Loss on debt extinguishment
On August 1, 2012, HSNi fully redeemed $240 million of its Senior Notes. The Senior Notes were redeemed for $253.5 million, or 105.625% of the principal amount. HSNi reported approximately $18.3 million in “loss on debt extinguishment” associated with redemption of the Senior Notes in the third quarter of 2012. These charges resulted from the redemption premium of $13.5 million and $4.8 million related to the write-off of unamortized issuance costs and original issue discount.
Income Tax Provision
For the three and nine months ended September 30, 2013, HSNi recorded a tax provision of $17.4 million and $63.1 million, respectively, which represents effective tax rates of 29.3% and 35.1%, respectively. For the three and nine months ended September 30, 2012, HSNi recorded a tax provision of $9.8 million and $48.3 million, respectively, which represents effective tax rates of 35.7% and 37.5%, respectively. The change in the effective tax rates from the prior periods was primarily due to discrete tax benefits of $3.7 million realized in the current quarter. Excluding the impact of these items,
the third quarter effective tax rate for continuing operations would have been 35.5%. HSNi expect its annual 2013 effective tax rate to be approximately 36%.
Discontinued Operations
Discontinued operations in the accompanying consolidated statements of operations include Smith+Noble and The Territory Ahead, two brands that were divested from the Cornerstone portfolio in May 2012 and July 2012, respectively.

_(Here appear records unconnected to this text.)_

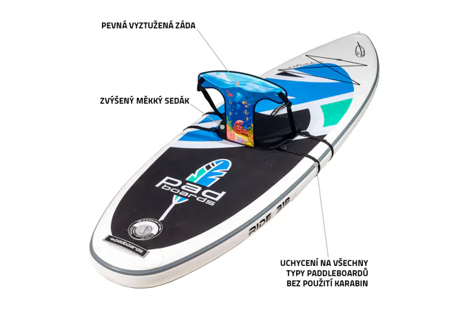Sedačka pro paddleboard YATE MIDI, je univerzální sedačka pro všechny typy paddleboardů. Jedná se o odlehčené ekonomické provedení komfortního modelu MAXIM. Tato sedačka umožňuje praktické upevnění k paddleboardu BEZ POUŽITÍ KARABIN - prkno nemusí být vybaveno upínacími oky. Díky tomu je použitelná na všechny typy paddleboardů včetně jógových, která obvykle oka nemají. S variabilním uchycením se může sedačka umístit v libovolné části prkna a tento systém také umožňuje UMÍSTĚNÍ VÍCE SEDAČEK NA JEDNOM paddleboardu. Zpevněná opěra zad umožňuje pohodlné sezení a nesklápí se. Zvýšený sedák zajišťuje větší pohodlí.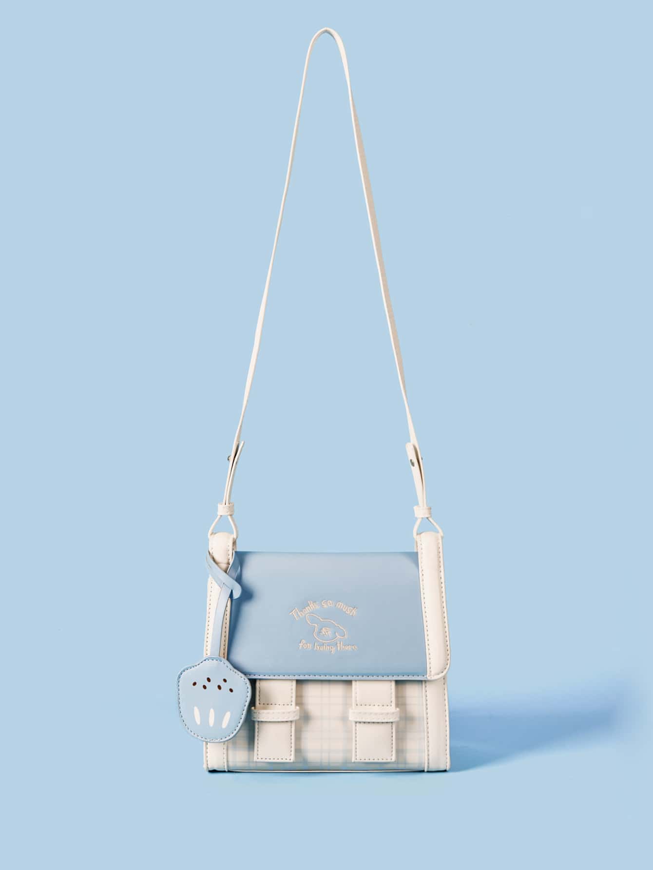 Kawaii Borsa quadrata con grafica lettera patta con ciondolo da borsa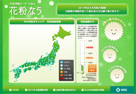 MSDでは、その累積最高気温を「花粉温度」と名づけ、「花粉温度」を示す累積温度計「花粉温度なう!」をMSD本社(東京都千代田区1-13-12 北の丸スクエア)の1階正面玄関ホールに設置。1月21日から3月22日まで、毎日「花粉なう」のパソコンサイト上の「花粉温度」を更新する。1月20日時点の「花粉温度」は185度。このほか、花粉症の症状、治療薬の種類、適切な治療、セルフケアなど、花粉症治療に関する情報を掲載する。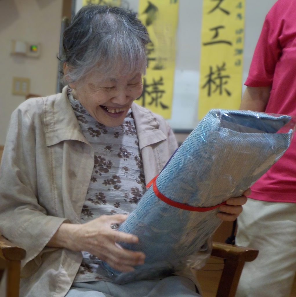 今年のプレゼントはクッションです。 椅子に敷いたり、お部屋で背中に当てたりして使っていただいています。お誕生日カードも添えられています。 それぞれの担当職員から心をこめたメッセージが届けられました。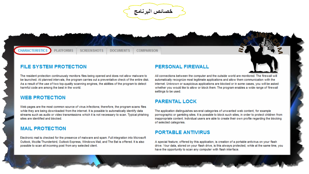 يتمكن من مراقبة مستمرة للملفات التي يتم فتحها في الوقت نفسه يفحص الملفات من البريد الإلكتروني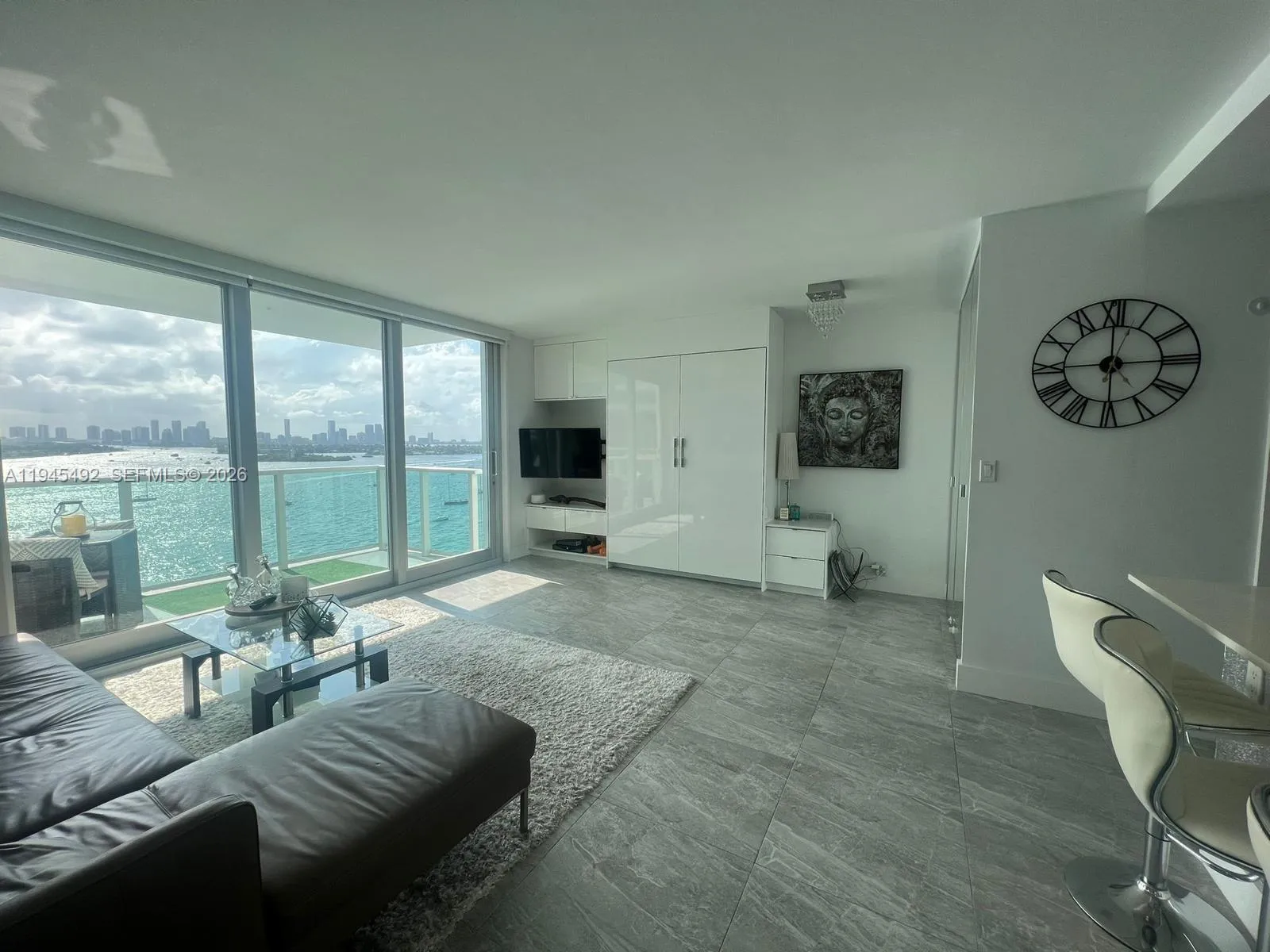 An exceptional waterfront residence in the heart of South Beach, offered fully renovated, designer furnished, and ready for immediate enjoyment. Framed by sweeping views of Biscayne Bay, Star Island, and the Downtown skyline, this refined retreat delivers tranquil daytime living and breathtaking evening city lights. The well-appointed layout features an open contemporary kitchen, sleek updated bath, in-unit washer and dryer, expansive walk-in closet, separate pantry, Murphy bed, linen storage, and impact windows throughout. Residents enjoy resort-level amenities including a waterfront pool and a state-of-the-art fitness center with complimentary classes. Ideally located moments from Whole Foods, Trader Joe’s, cafés, fine dining, and Lincoln Road. Valet parking available for an additional monthly fee.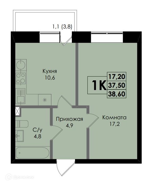 - Общая площадь: 38.6 м²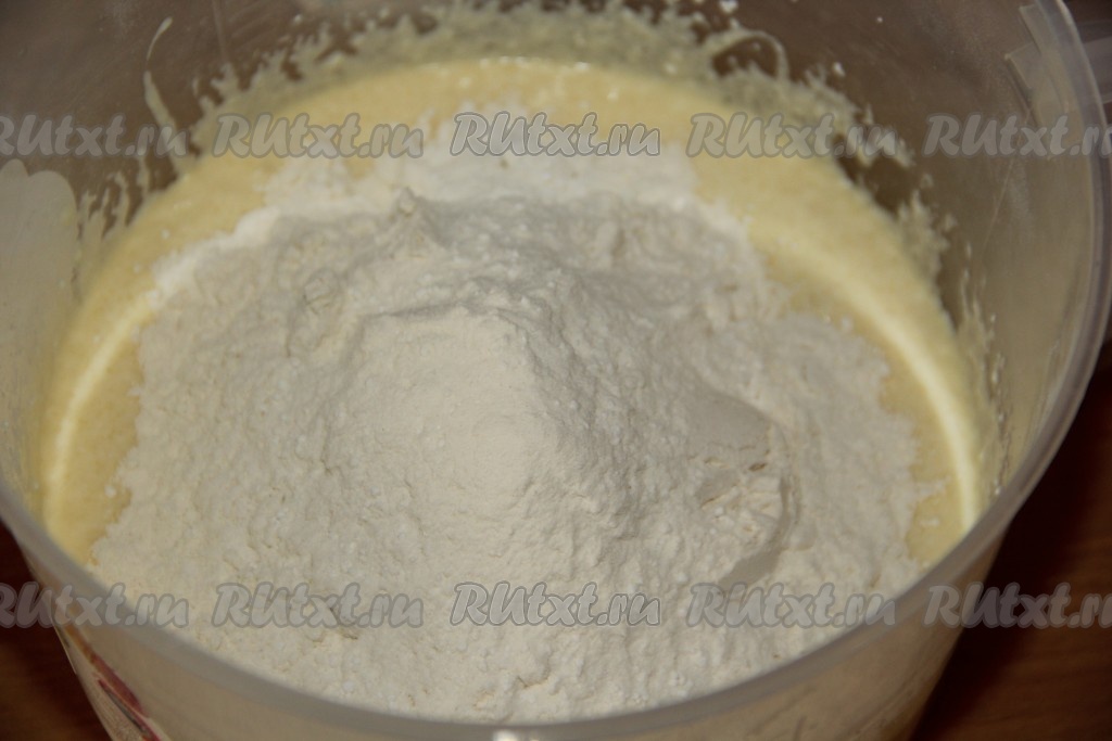 Погружным блендером пробить массу до однородности. Добавить 200 грамм просеянной муки, разрыхлитель, соль и ванилин.

Liquidity and Capital Resources
As of September 30, 2013, HSNi had $108.3 million of cash and cash equivalents compared to $222.1 million as of December 31, 2012 and $129.9 million as of September 30, 2012.
Net cash provided by operating activities attributable to continuing operations for the nine months ended September 30, 2013 was $95.1 million compared to $5.1 million in the prior year period, an improvement of $90.0 million primarily due to improved operating performance and changes in working capital. Cash used to fund inventory decreased compared to prior year due to lower inventory receipts and an increase in sales. Working capital was also positively impacted by the cash collected from HSN's Flexpay program. HSN had significantly increased its Flexpay offerings in the fourth quarter of 2012 resulting in the increase in cash collected during the current year.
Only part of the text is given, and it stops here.